*Exercise instructions:* Give back the lines of the entries below exactly as written, from the first line to the line holding "Shot taken from plane flown by Ilan Maytal", both included, with the pictures omitted.

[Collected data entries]
------------------------------------

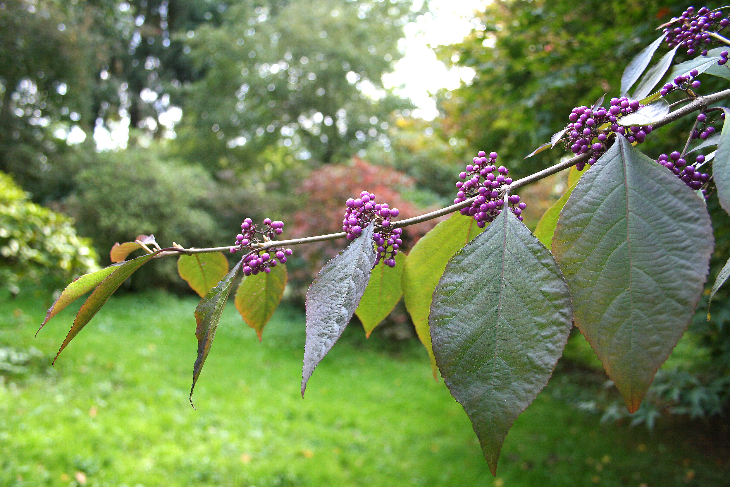 Bodinier's Beautyberry Callicarpa bodinieri sub. ‘Profusion’ leaves and fruits Planting date : 1987 Precise location : Arboretum Robert Lenoir (S48A - 2108) - Rendeux (Belgium). Walon: Fouyes èt fruts di l’ Aube a bobones Callicarpa bodinieri var. ‘Profusion’ Date do plantis’ : 1987 Place rècta : Arboretum Robert Lenoir (S48A - 2108) - Rindeu (Bèljike).
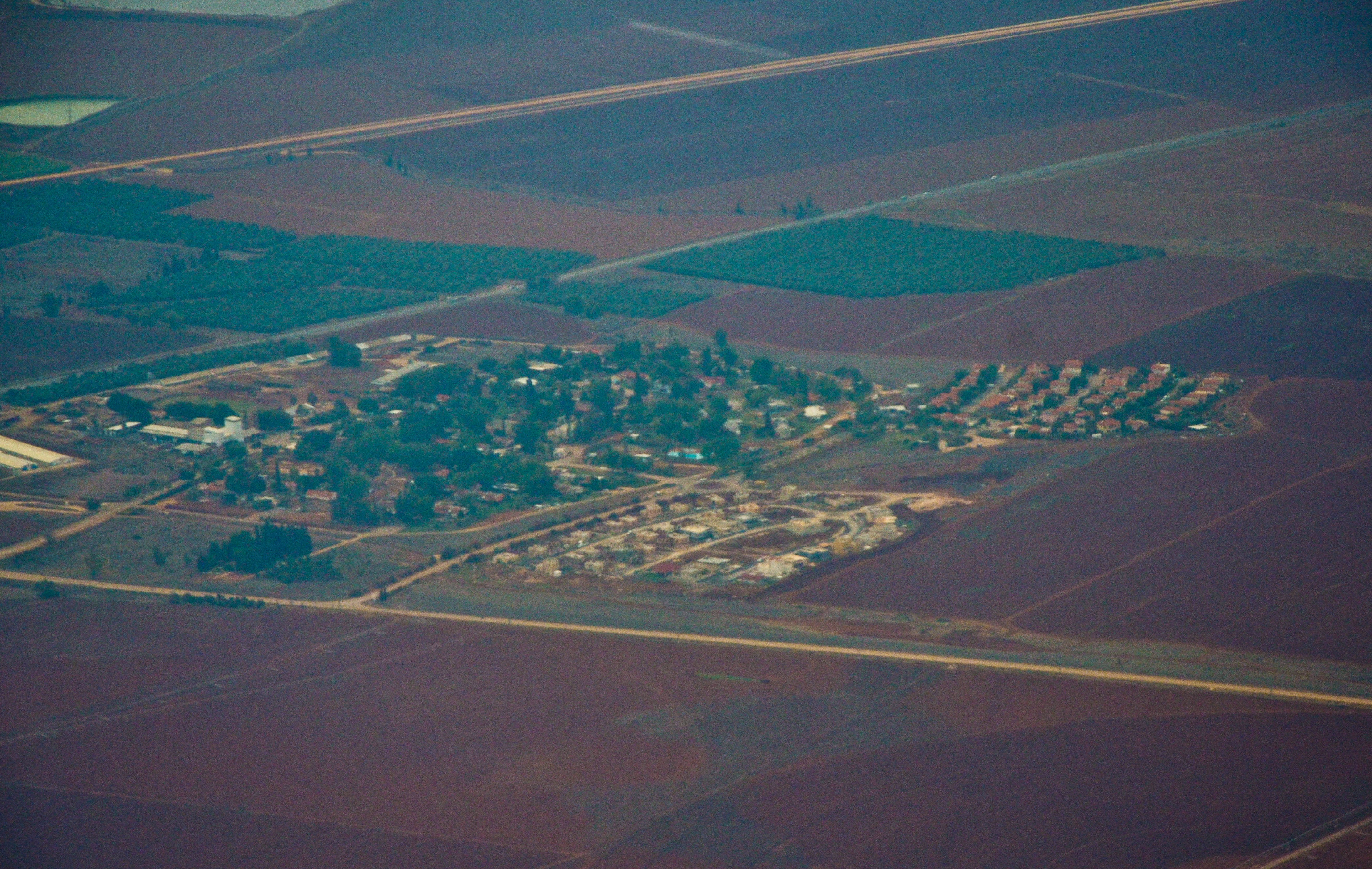 Shot taken from plane flown by Ilan Maytal
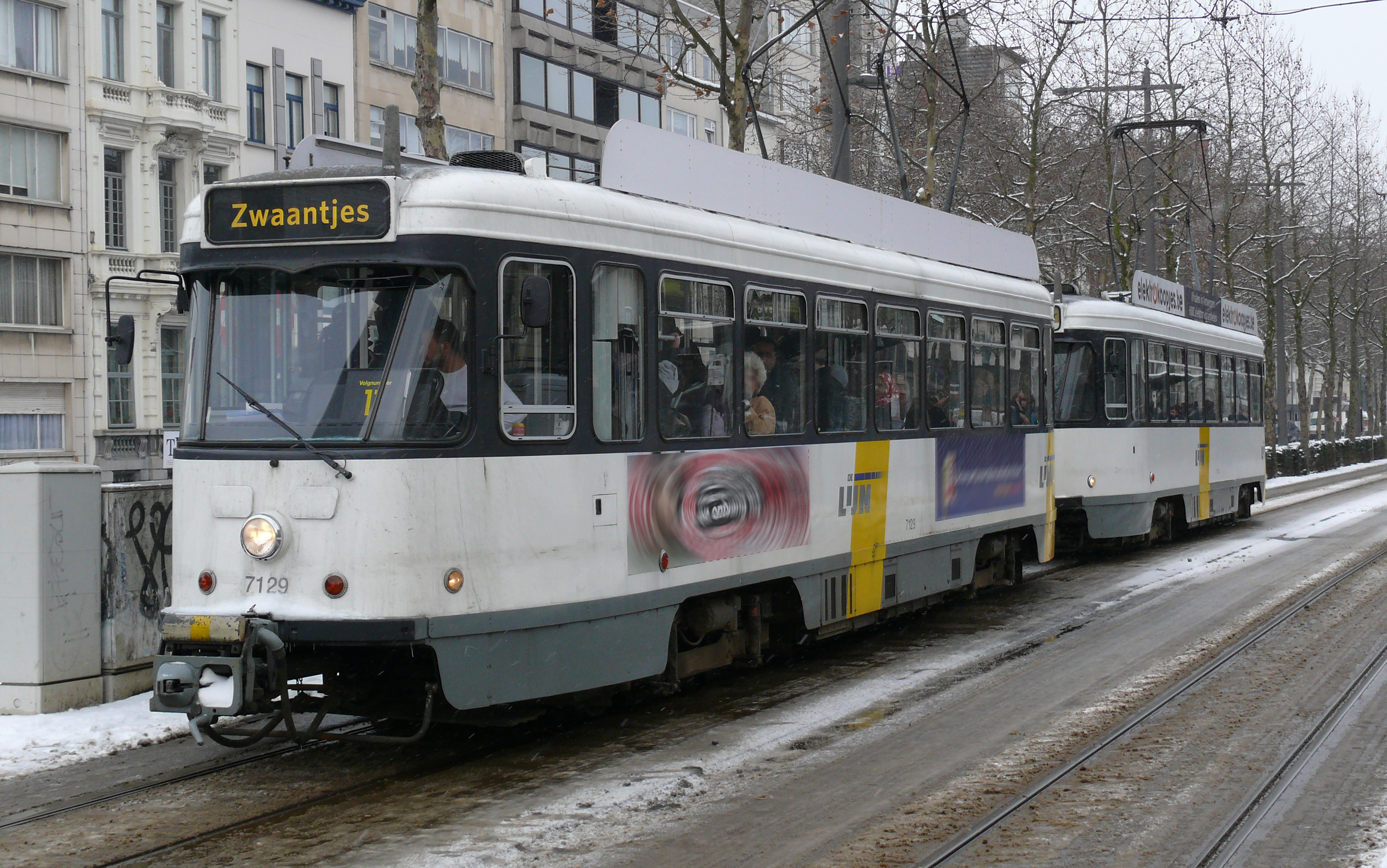 Antwerp tram 7129 on tracks at the Leien. This is a part route 24 tram PCC car.
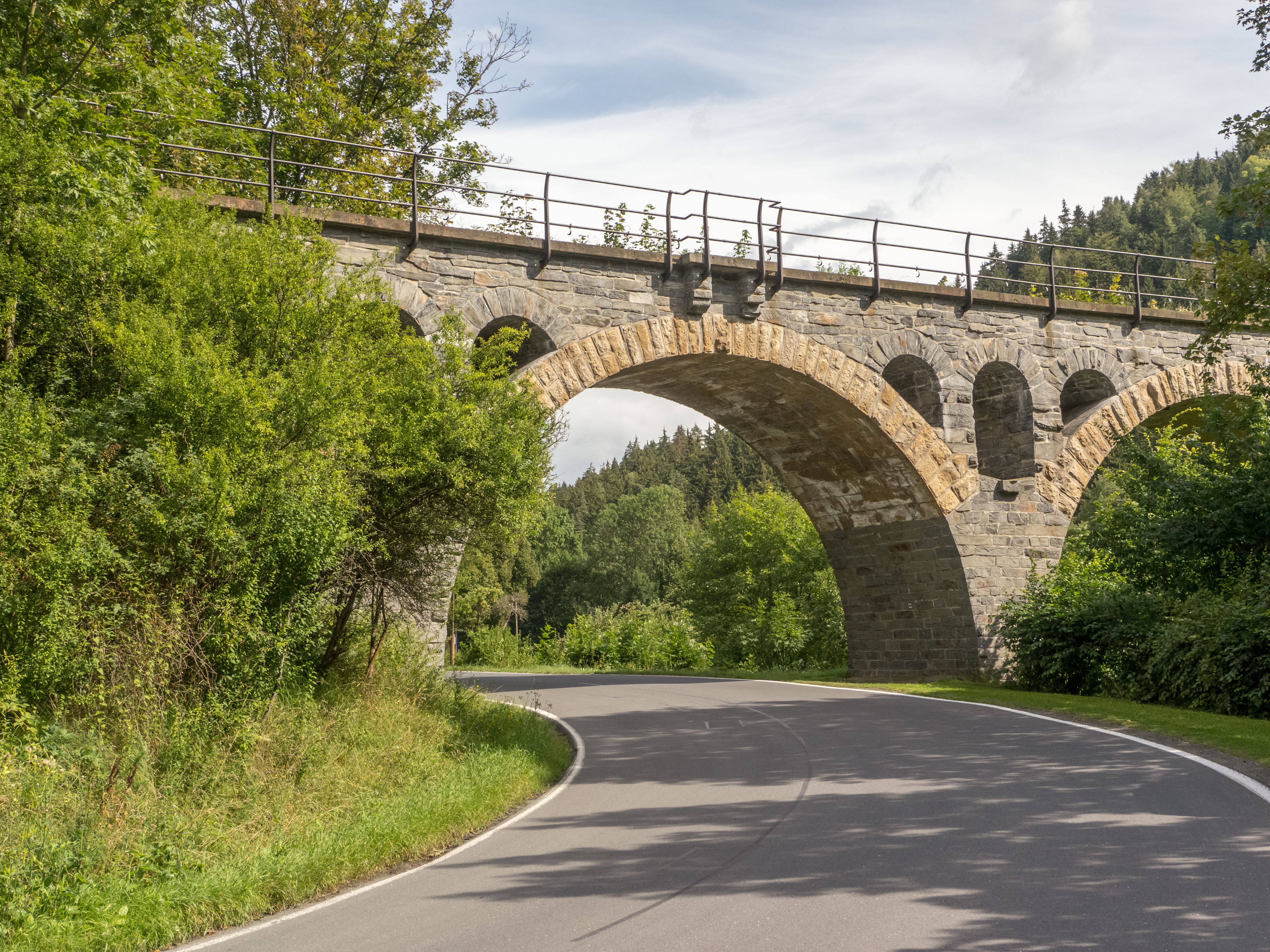 Railway viaduct across the river Saale in Ziegenrück in Thuringia
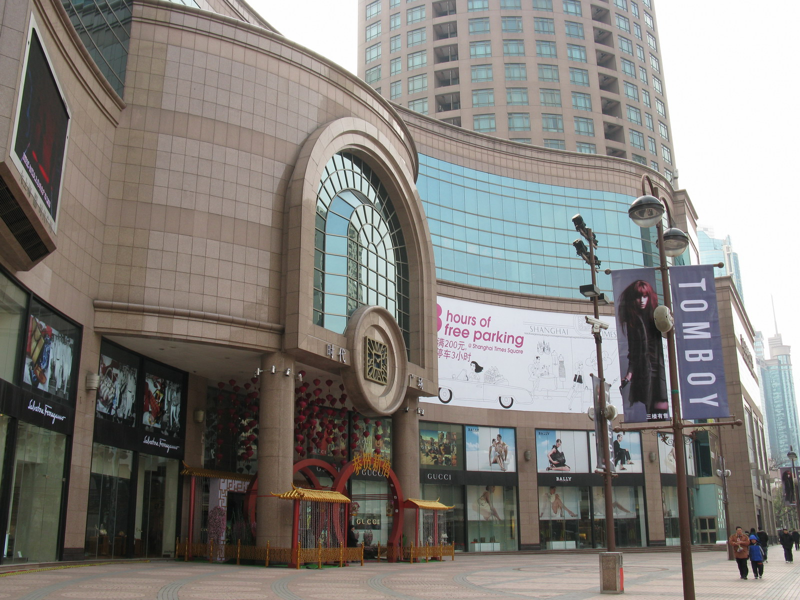 Shanghai Times Square
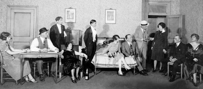 Photograph of the the Broadway production of The Butter and Egg Man, starring Gregory Kelly (standing center) Caption reads, "The Butter and Egg Man throws a party"
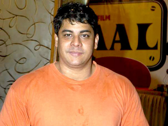 Comedian Cyrus Broacha at a press conference for Golmaal 3
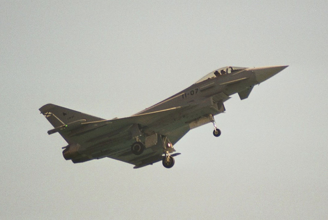 Spanish Air Force Eurofighter Typhoon in the Festa del Cel, in Barcelona (Spain).
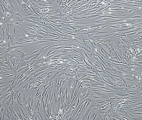 primary human aortic smooth muscle cells, fourth passage.
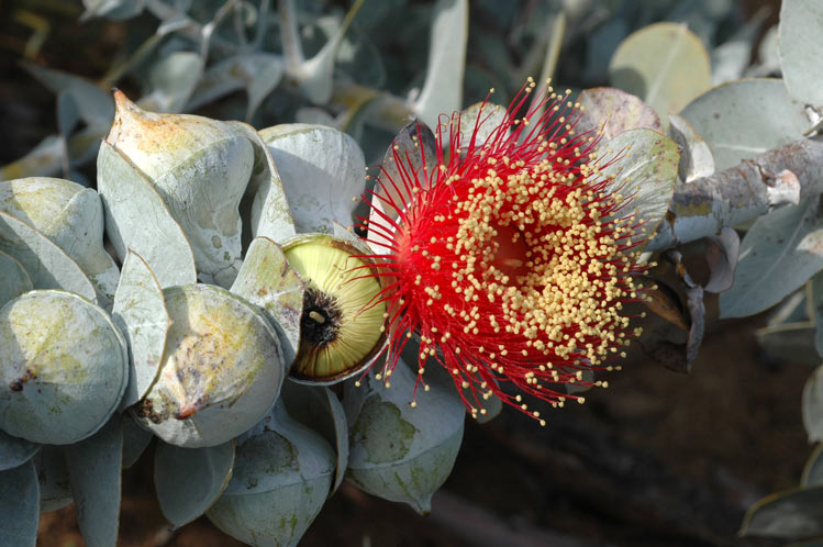 Flower buds and flower of Eucalyptus macrocarpa in Kings Park Botanic Gardens, Perth, Western Australia
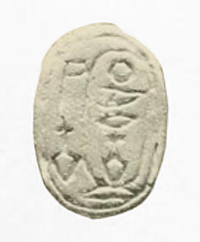 Green glazed steatite scarab (type B) bearing the cartouche of pharaoh Merneferre (Ay): - mr-nfr-Rˁ Unknown provenience, 13th dynasty, Second intermediate period. London, British Museum EA 16567.
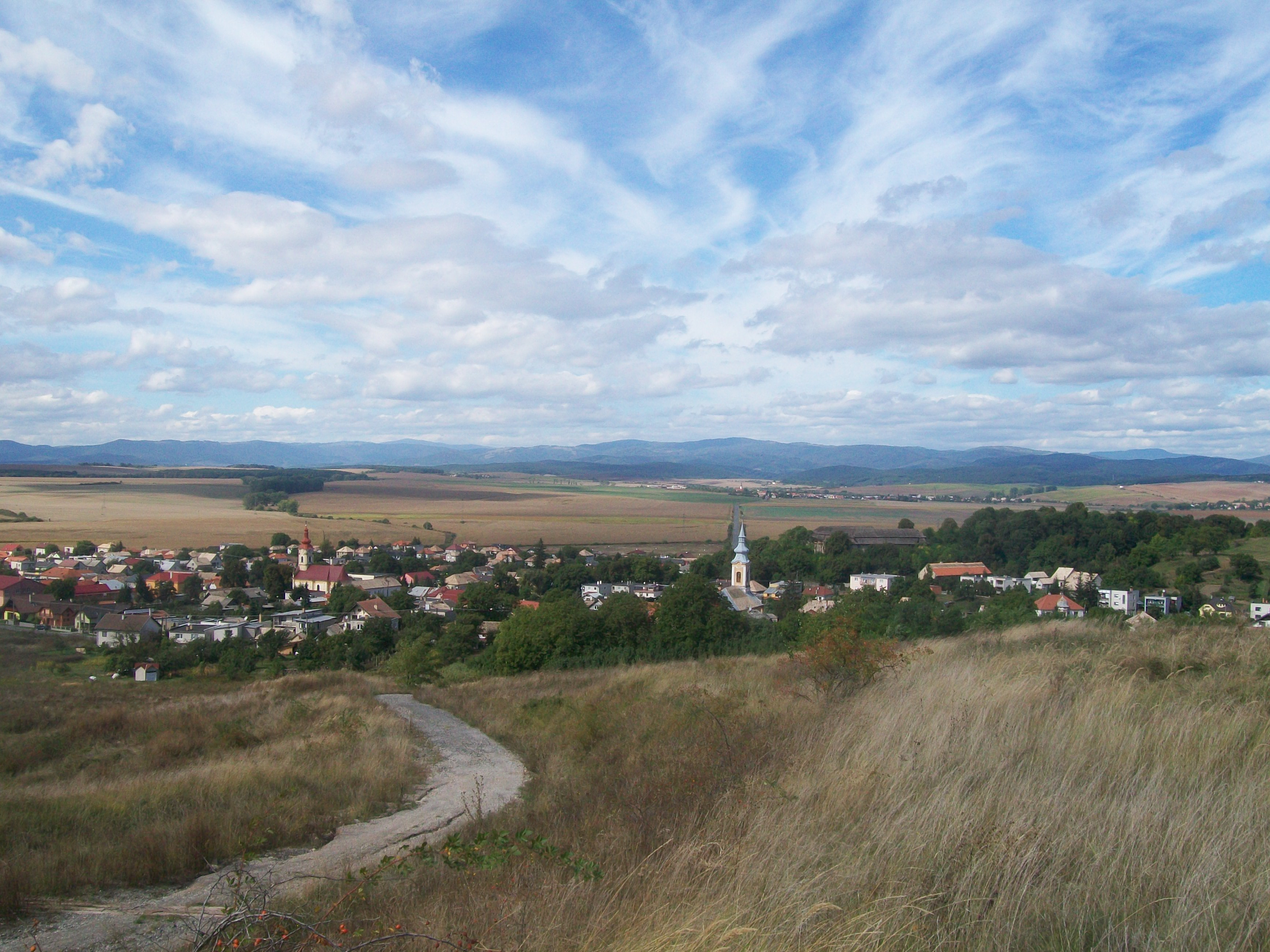 View of the village OžďanySlovenčina: Pohľad na obec Ožďany
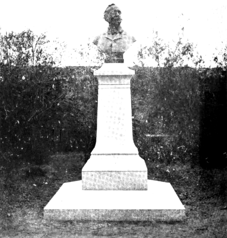 Jules-Clément Chaplain (1839-1909), Franch sculptur, engraver and medallist
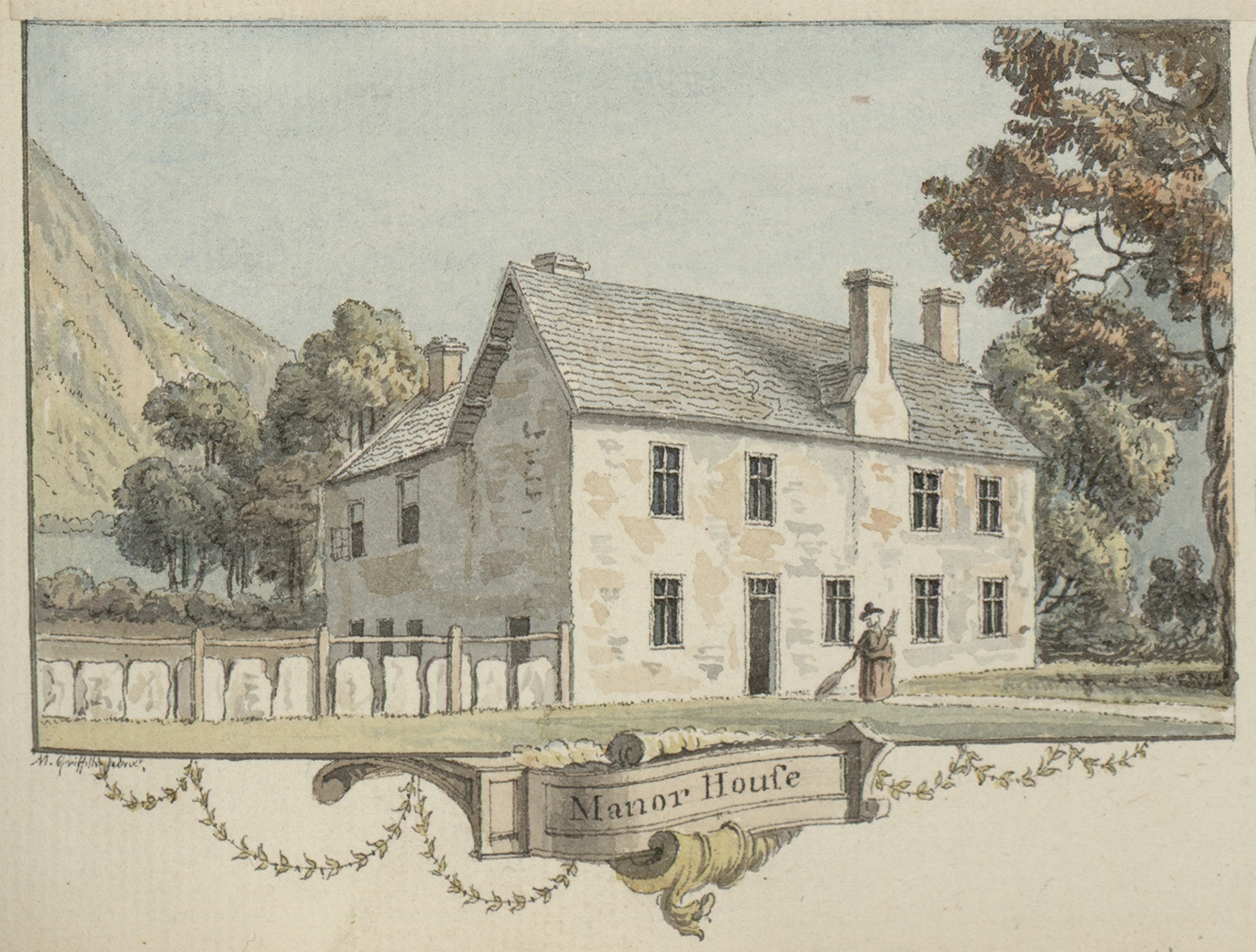 An image from a set of 8 extra-illustrated volumes of A tour in Wales by Thomas Pennant (1726-1798) that chronicle the three journeys he made through Wales between 1773 and 1776. These volumes are unique because they were compiled for Pennant's own library at Downing. This edition was produced in 1781. The volumes include a number of original drawings by Moses Griffiths, Ingleby and other well known artists of the period. Thomas Pennant (1726-1798)

------------------------------------

*Your response:*
 Bodinier's Beautyberry Callicarpa bodinieri sub. ‘Profusion’ leaves and fruits Planting date : 1987 Precise location : Arboretum Robert Lenoir (S48A - 2108) - Rendeux (Belgium). Walon: Fouyes èt fruts di l’ Aube a bobones Callicarpa bodinieri var. ‘Profusion’ Date do plantis’ : 1987 Place rècta : Arboretum Robert Lenoir (S48A - 2108) - Rindeu (Bèljike).
 Shot taken from plane flown by Ilan Maytal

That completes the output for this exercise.